With great censure of the Stympsons' ill-breeding and discourtesy to her brother (which seemed to affect her far more than the direct injury to Harold), and strong disclaimers of belief in them, still my mother's old friend must inquire into the character of these young men and my position with regard to them. If she had been tender instead of inquisitorial, I should have answered far more freely, and most likely the air of defiance and defence into which she nettled me had a partisan look; but it was impossible not to remember that Miss Woolmer had always said that, however she might censure the scandal of the Stympsons, they only required to dish it up with sauce piquant to make her enjoy it heartily.

And really and truly it did seem as if there was nothing in the whole lives of those poor youths on which those women had not contrived to cast some horrid stain; working backwards from the dead men's bones in the pottery (Dermot had told her they used nothing but live men's bones), through imputations on Mr. George Yolland's character, and the cause of the catastrophe at the "Dragon's Head;" stories of my associating with all the low, undesirable friends they picked up at Mycening, or in the hunting-field; and as to the Australian part of the history, she would hardly mention to me all she had heard, even to have it confuted.

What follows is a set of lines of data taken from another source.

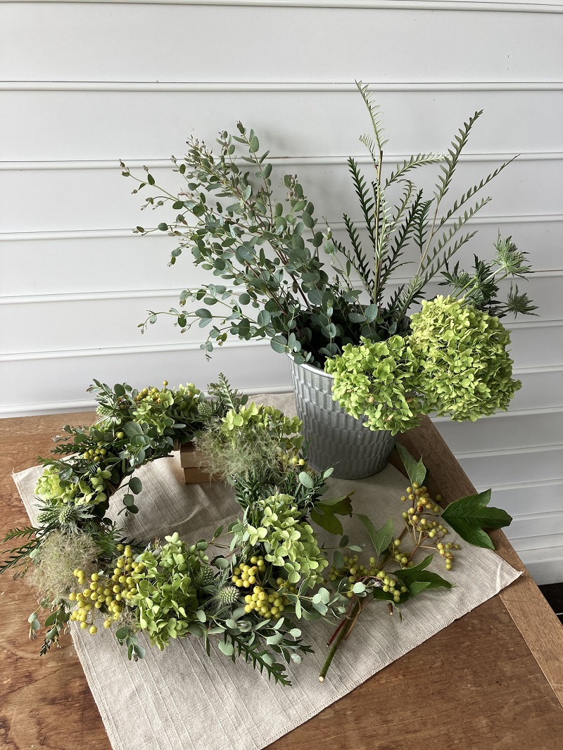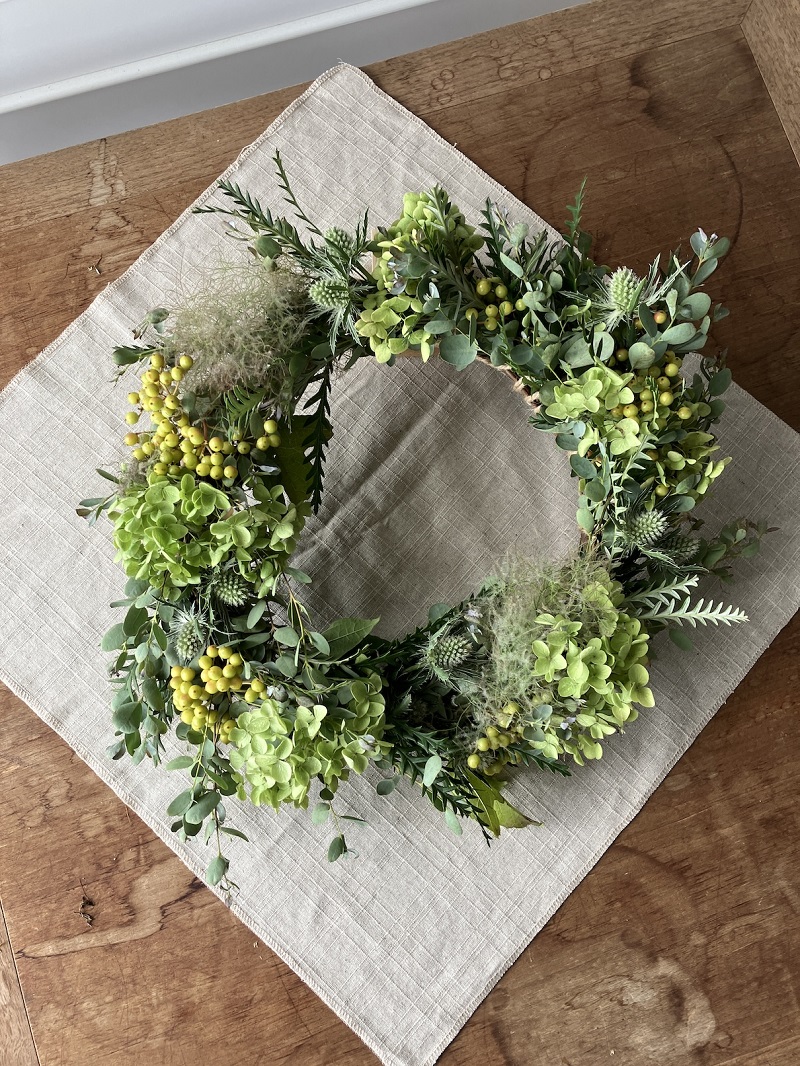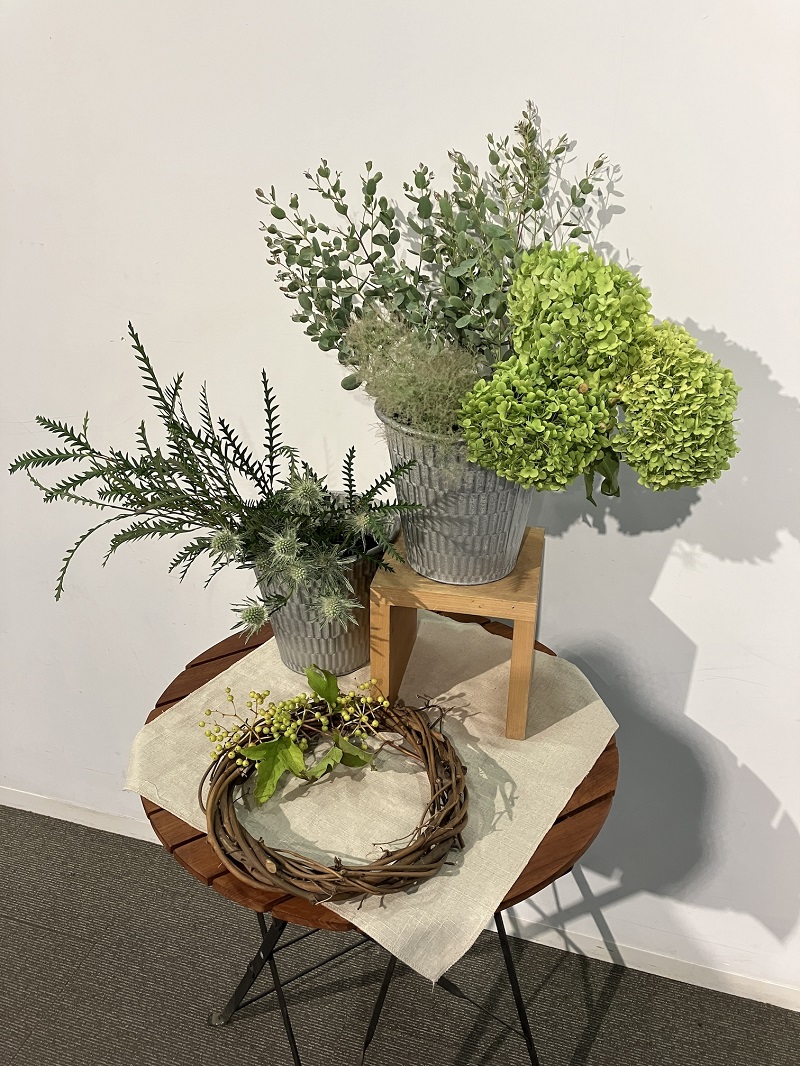 今回は、S・Cで収穫されたアナベルをセミドライにして、スモークツリー、グレビレア、ユーカリ、エリンジウム、サンキライなどを合わせて夏のリースを作ります。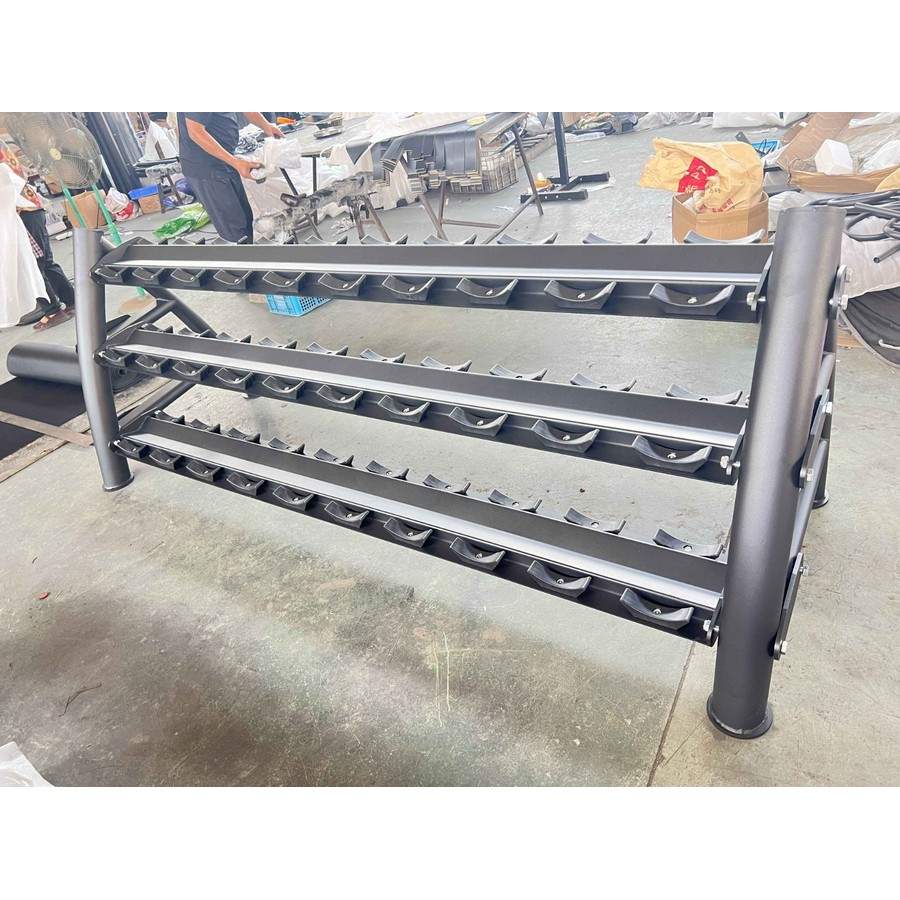Горизонтальная трехъярусная стойка для хранения гантелей OKPRO OK0016B подходит для хранения гексагональных гантелей малых и больших весов (10-15 пар, от 2,5 до 60 кг). Мощная конструкция на двух треугольных опорах из круглой трубы с надежными полками из 4 мм стали.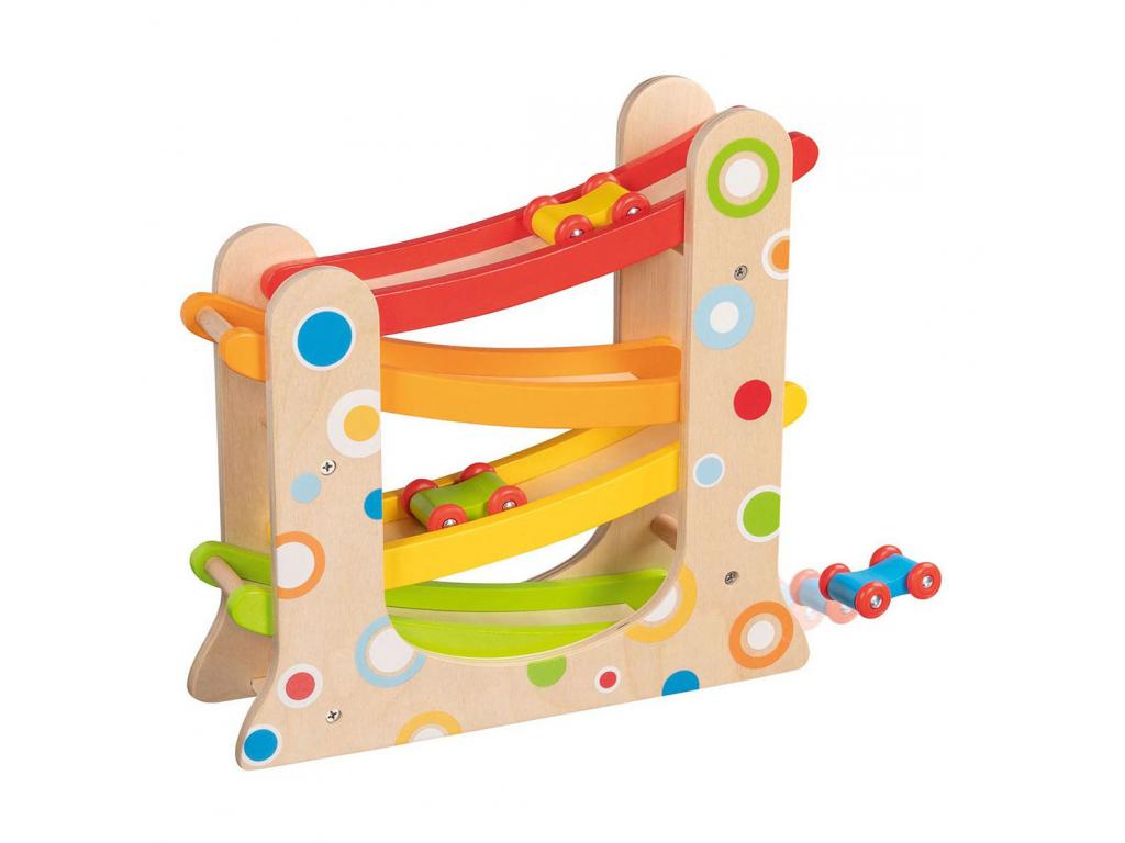 Az élénk Goki autóverseny-pálya. Ez a fából készült autóversenypálya szinte kézzelfogható dinamizmusával inspirál. Ez a vidám, színes, játékra hívó dizájn lenyűgözően támogatja a gyönyörűen formázott karosszériát. A játékok azonban csak akkor érvényesülnek igazán, amikor a 3 fa jármű végigszáguld a pályán. Helyezd az autókat a felső pályára, figyelj és hallgass, vedd fel a járművet az alsó kijáratnál, és helyezd vissza a tetejére. Ez nem csak mókának és akciónak hangzik, hanem aktív szórakozás a legmagasabb szinten. Méretek: 30 x 8,5 x 28 cm. Anyag: fa. Alkalmas 2 éves kortól.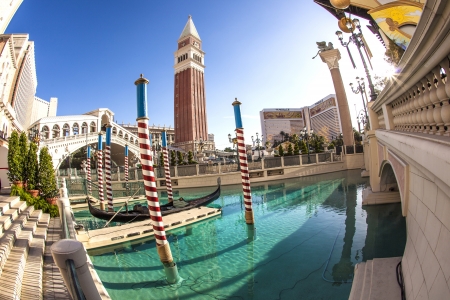 LAS VEGAS - JAN 05 : The Venetian hotel and replica of a Grand canal in Las Vegas on January 05, 2014. With more than 4000 suites it`s one of the most famous hotels in the world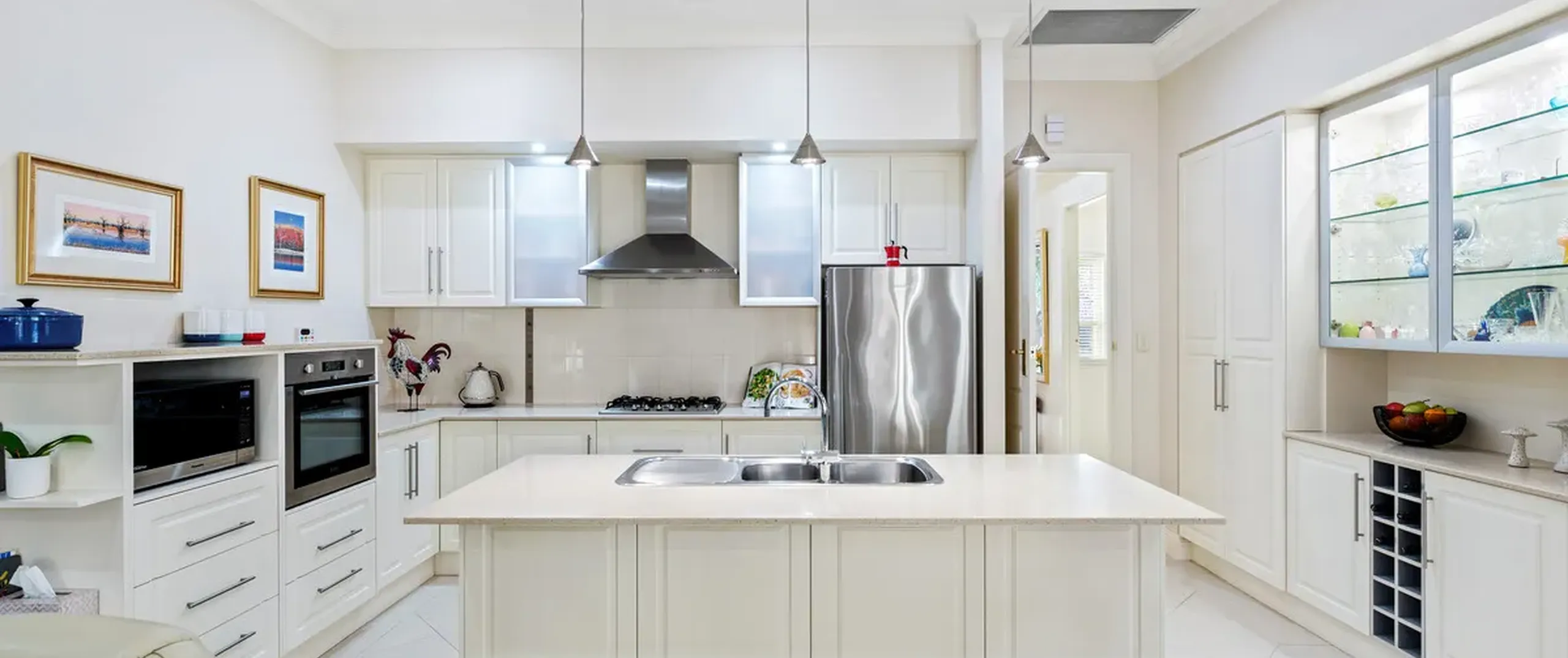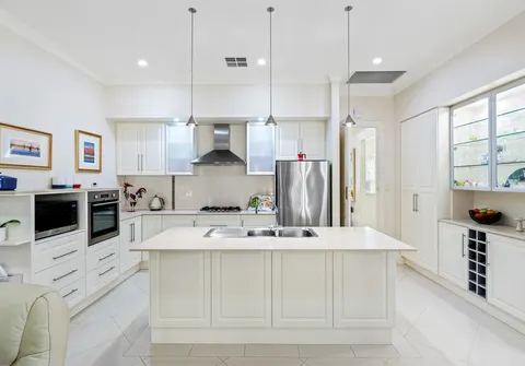 - Beautifully appointed kitchen with timeless features, including an Asko dishwasher, Asko Oven, Euro gas cooktop, pantry, built-in wine storage, ample cupboard space, sweeping stone bench tops and breakfast bar
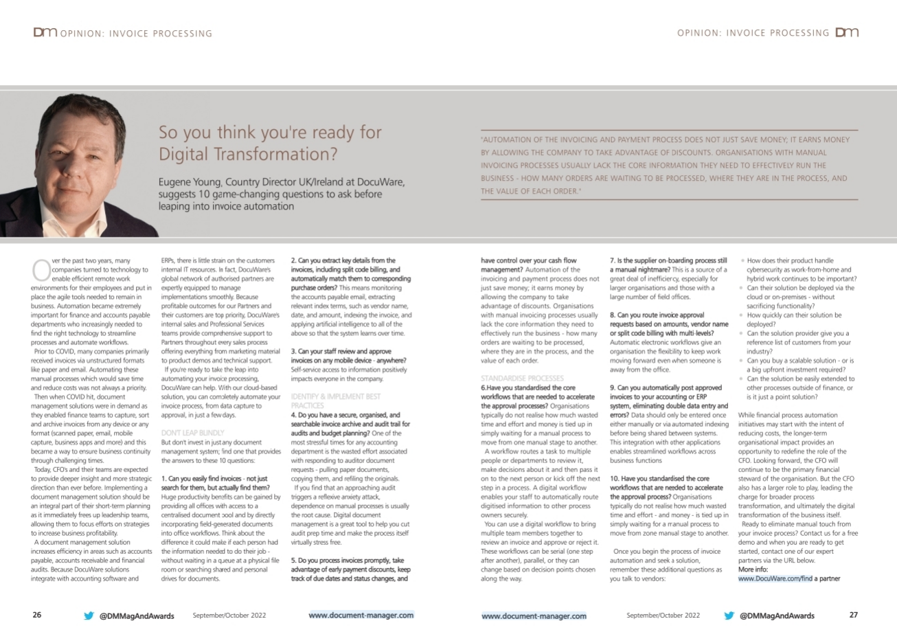 Accounts payable (AP) is an area where cloud-based applications such as DocuWare Kinetic Solution for Invoice Processing can provide a quick win - CFO explores how and why.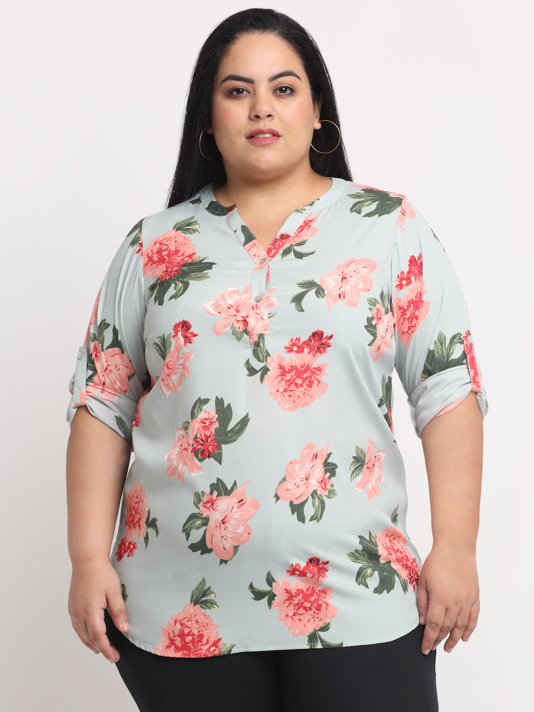 Plus Size Women Sea Green Red Floral Print Mandarin Collar Roll-Up Sleeves Top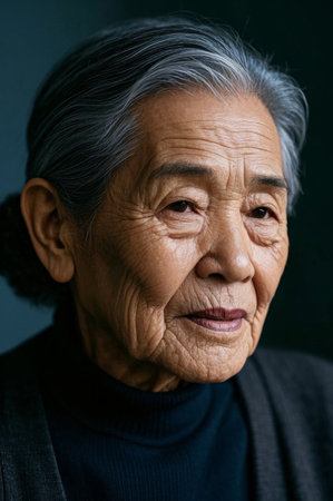 Close-up portrait of an elderly senior Asian thinking woman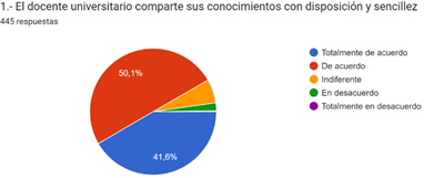 1.- El docente universitario comparte sus conocimientos con disposición y sencillez |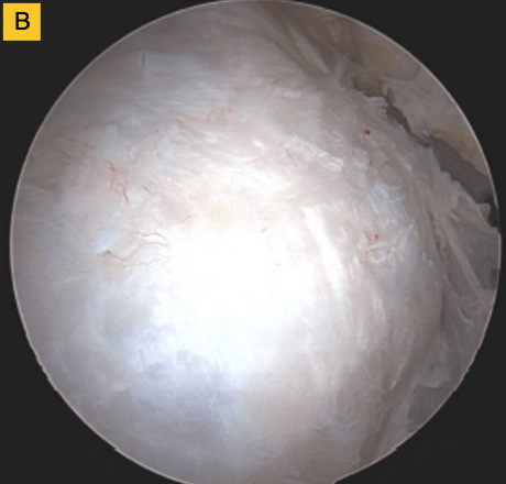 (B) BioBrace® well-synovialized and completely incorporated into the rotator cuff with new native tissue in and around the implant.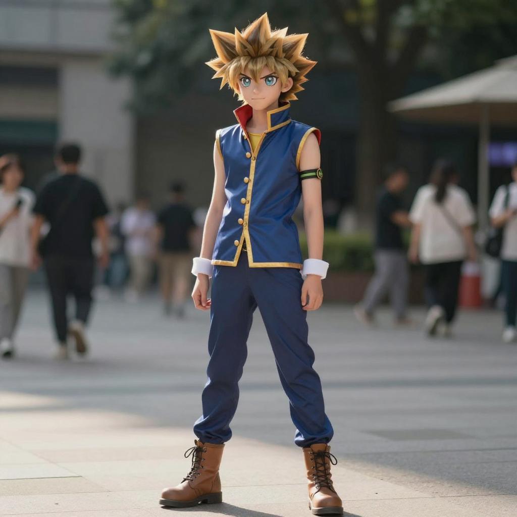 Photo-realistic cosplay photo of person in mutou yuugi costume. Full body. Standing. Full length. , professional photoshoot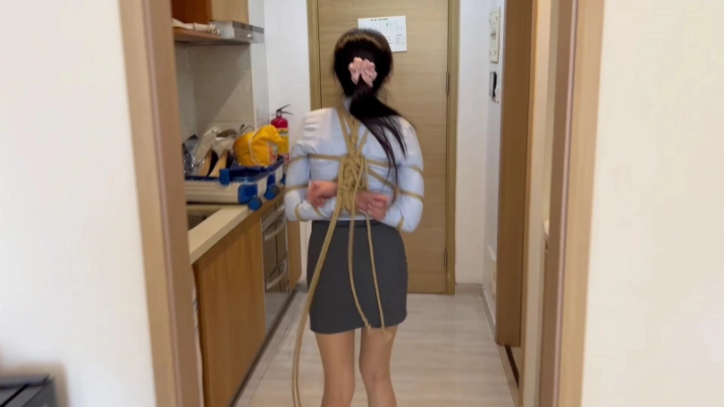 Cici还不屈服,不断抬踢腿踢小伙伴,邪恶小伙伴再拿出绳子,将她驷马捆起来,然后口球旁边放个杯子,收集Cici滴下来的口水。并取笑说:“等口水满了就放了你啊。”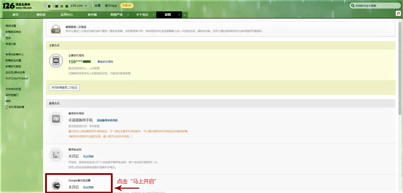 5. 在开启二次验证功能之后,找到Google身份验证器一栏之后,在相应位置点击“马上开启”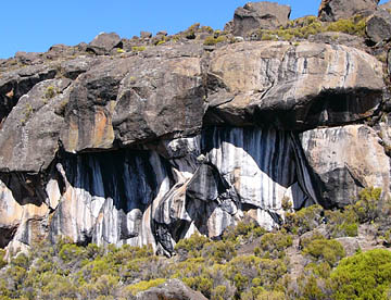 昨日までの道よりも勾配のきつい登山道を40分ほど登ったところに、ゼブラロックと名付けられた縞々模様の大きな岩がある(標高3980m)。

I was not sure how far she did believe my assurances, or thought me deceived, when I strenuously denied all evil intent from Harold towards his poor wife, and explained that he had merely driven over a precipice in the dark, and had a brain fever afterwards; all I could see was that, though not perfectly satisfied or convinced, she found that her brother would not allow the separation to be kept up, and therefore she resumed her favourite office of adviser. She examined me on the religious habits of my nephews and niece, impressing on me that it was for the sake of the latter that my presence at Arghouse was excusable; but insisting that it was incumbent on me to provide her with an elderly governess, both for her sake and my own. I was much afraid of having the governess at once thrust upon me; but, luckily, she did not happen to have one of a chaperon kind of age on her list, so she contented herself with much advice on what I was teaching Dora, so that perhaps I grew restive and was disposed to think it no concern of hers, nor did I tell her that much of the direction of Dora's lessons was with a view to Harold; but she could not have been wholly displeased, since she ended by telling me that mine was a vast opportunity, and that the propriety of my residence at Arghouse entirely depended on the influence I exerted, since any acquiescence in lax and irreligious habits would render my stay hurtful to all parties. She worried me into an inclination to drop all my poor little endeavours, since certainly to have tried to follow out all the details of her counsel would have alienated all three at once.